Abstract

The lack of treatment options for surgically inaccessible cavernous malformations has made radiosurgery a possible alternative to conservative management. The few previous reports of radiosurgical efficacy have been limited by small numbers, short follow-up, or lack of attention to the full spectrum of end points, including neurological disability. In an attempt to elucidate the risk-to-benefit ratio of radiosurgery for cavernous malformations, we undertook a retrospective analysis of of 95 patients with 98 lesions treated by the late Raymond N. Kjellberg. Patients were followed for an average of 5.4 years (range, 0.3-12.3 yr), and data regarding hemorrhage, seizure, neurological disability, and incidence of radiation-induced complications were gathered. The analysis revealed a drop in annual hemorrhage rates from 17.3% per lesion per year before treatment to 4.5% per lesion per year after a latency period of 2 years. Improvement in seizure control was evident. However, a 16% incidence of permanent neurological deficit and a 3% mortality rate were attributable to radiographically confirmed radiation-induced complications.
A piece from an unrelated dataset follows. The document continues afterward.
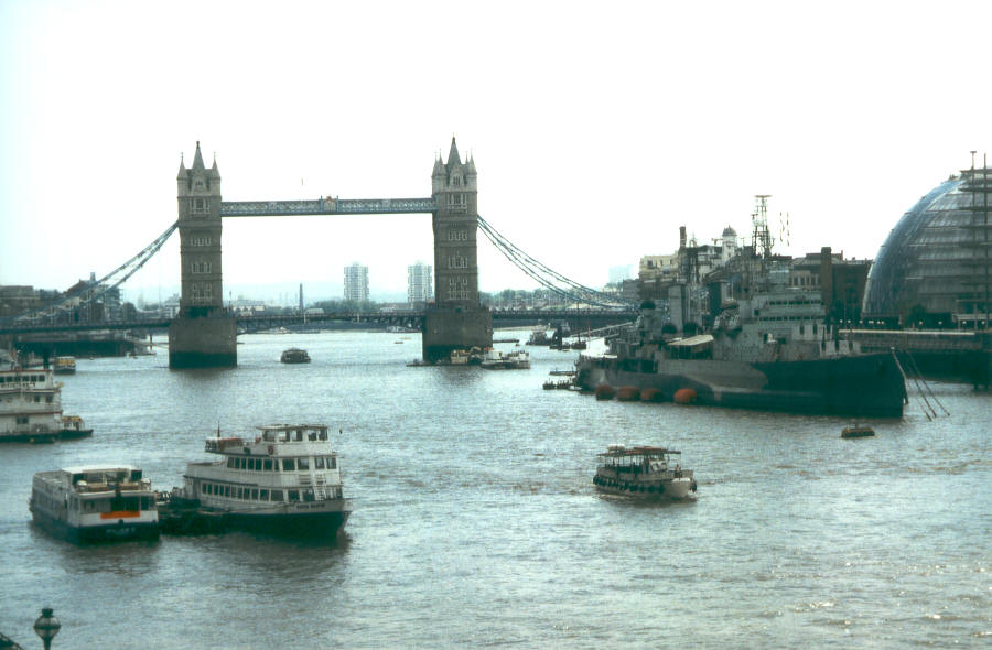 Bridge, liegt der Kreuzer HMS Belfast vor Anker. Das Schiff kann komplett besichtigt

Neurological disability scores, measured by the modified Rankin disability scale, indicated a significant decline in neurological functioning during the follow-up interval, a result of the combined effects of radiation-related injury, hemorrhage, and clinical progression of the lesion. We conclude that although radiosurgery does seem to reduce hemorrhage, there is potential for complications and continued lesion progression after radiosurgery. These risks and benefits must be carefully balanced against the natural history of untreated lesions if the use of radiosurgery is considered.